I am seeking clarity / intuition on the meaning of the condition $y \geq x$ when performing a change of variables from Cartesian to Cylindrical Coordinates for volume integration.
In the context of Cylindrical Coordinates, variables $x$ and $y$ are expressed in terms of $r$ and $\theta$, where $x = r \cos(\theta)$ and $y = r \sin(\theta)$. However, I have uncertainties about the implication of the condition $y \geq x$ in this context.
Could someone provide intuition / an analytical development / a detailed explanation of what $y \geq x$ signifies in Cylindrical Coordinates during a variable transformation for volume integration?
I appreciate any guidance or clarification that can be offered on this matter.
Thank you in advance for your assistance!
When we consider Cylindrical Coordinates & check only $x$ & $y$ , we are basically using Polar Co-ordinates with $z$ having no restriction.
Hence we can consider only the $X\text{-}Y$ Plane , which we want to convert to $r\text{-}\theta$ Plane , where we want Interval $0 \le \theta \le 2\pi$ & $r \ge 0$.
Consider the Points in the $1^{st}$ Quadrant , at various Positions of the Blue line.
Coordinates are $x$ & $y$ which get converted to $r=\sqrt{x^2+y^2}$ & $\theta=\tan^{-1}y/x$
It will have $0 \le \theta \le \pi/4$
Blue line cannot occur in $2^{nd}$ Quadrant.
In $3^{rd}$ Quadrant , $\theta$ is between $5\pi/4$ & $3\pi/2$.
In $4^{th}$ Quadrant , $\theta$ is between $3\pi/4$ & $2\pi$.
Consider the Points in the $1^{st}$ Quadrant , at various Positions of the Purple line.
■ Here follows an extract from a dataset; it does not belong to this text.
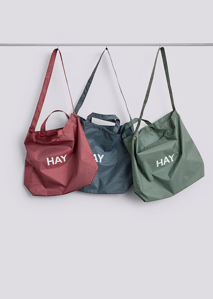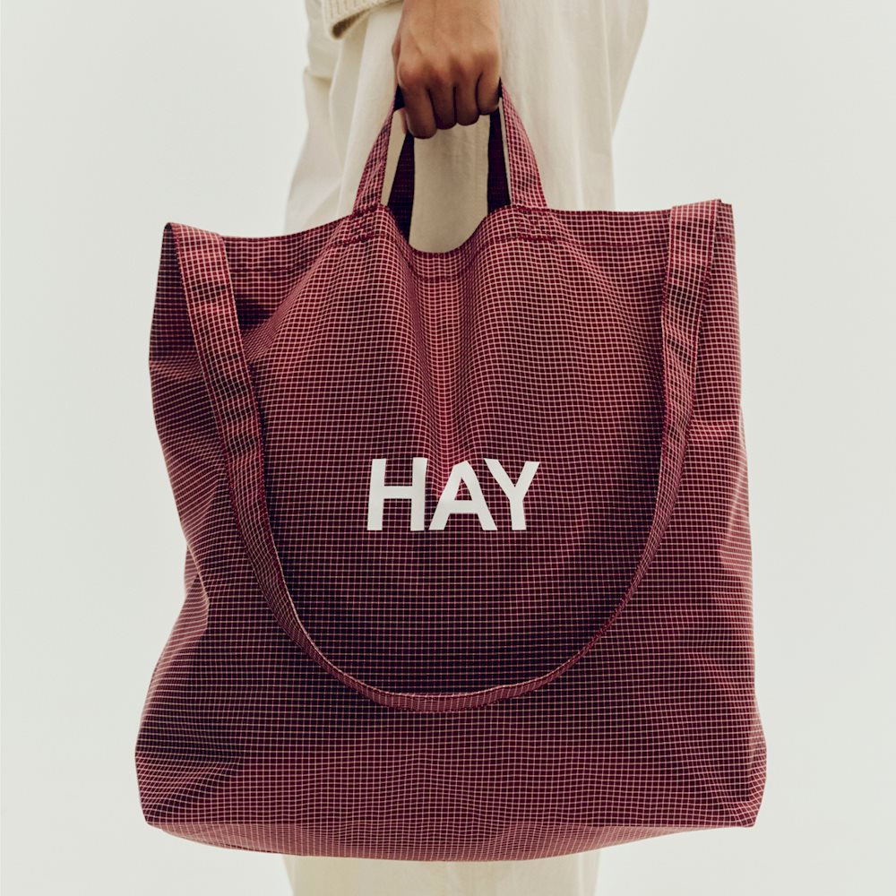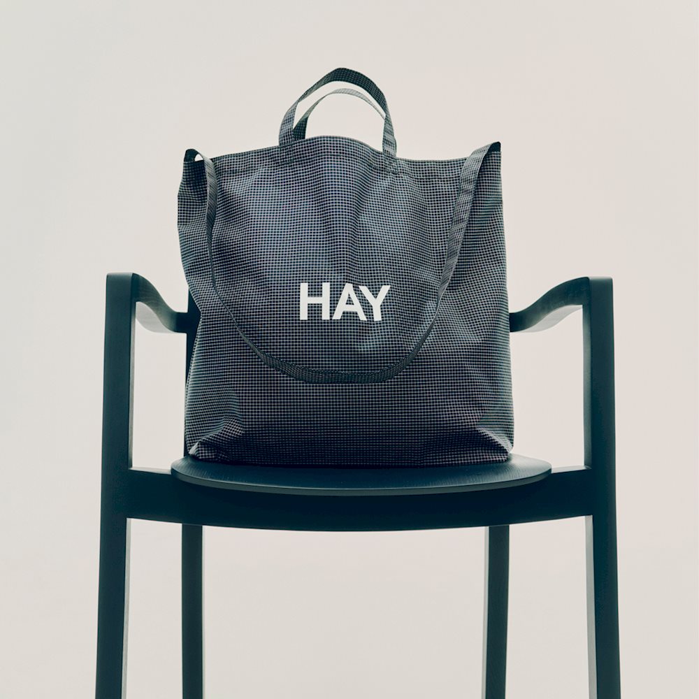 Made from a durable blend of 79% recycled nylon and 21% recycled polyester with a water-repellent finish, it features a subtle check pattern, long shoulder strap, two short handles, and an inner pocket for storing small essentials.
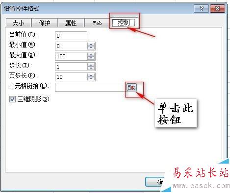 6、選中“滾動條”, 點擊鼠標(biāo)右鍵,在彈出的菜單中選擇“設(shè)置控件格式”。然后在設(shè)置控件格式屬性框中點擊“控制”,單擊“單元格鏈接”右側(cè)的按鈕,選擇“L1”單元格,按回車鍵返回,然后點擊“確定”。當(dāng)我們點擊“滾動條”的箭頭是,就看到“L1”單元格的數(shù)字發(fā)生變化了。

Coordinates are $x$ & $y$ which get converted to $r=\sqrt{x^2+y^2}$ & $\theta=\tan^{-1}y/x$
It will have $\pi/4 \le \theta \le \pi/2$
In $2^{nd}$ Quadrant , $\theta$ is between $\pi/2$ & $\pi$.
In $3^{rd}$ Quadrant , $\theta$ is between $\pi$ & $5\pi/4$.
Purple line cannot occur in $4^{th}$ Quadrant.
Over-all , there is no restriction on $r$ here.
To match $y<x$ , $\theta$ should be between $0$ & $\pi/4$ or between $5\pi/4$ & $2\pi$.
To match $y>x$ , $\theta$ should be between $\pi/4$ & $5\pi/4$. [[ This is what OP wants ]]
When we want the alternate Interval $-\pi \le \theta \le +\pi$ , we can make suitable changes to the Intervals.
We should then get :
$\frac{-3\pi}{4} \le \theta \le \frac{+\pi}{4}$ for $y<x$
$\frac{\pi}{4} \le \theta \le +\pi$ & $-\pi \le \theta \le \frac{-3\pi}{4}$ for $y>x$ [[ This is what OP wants ]]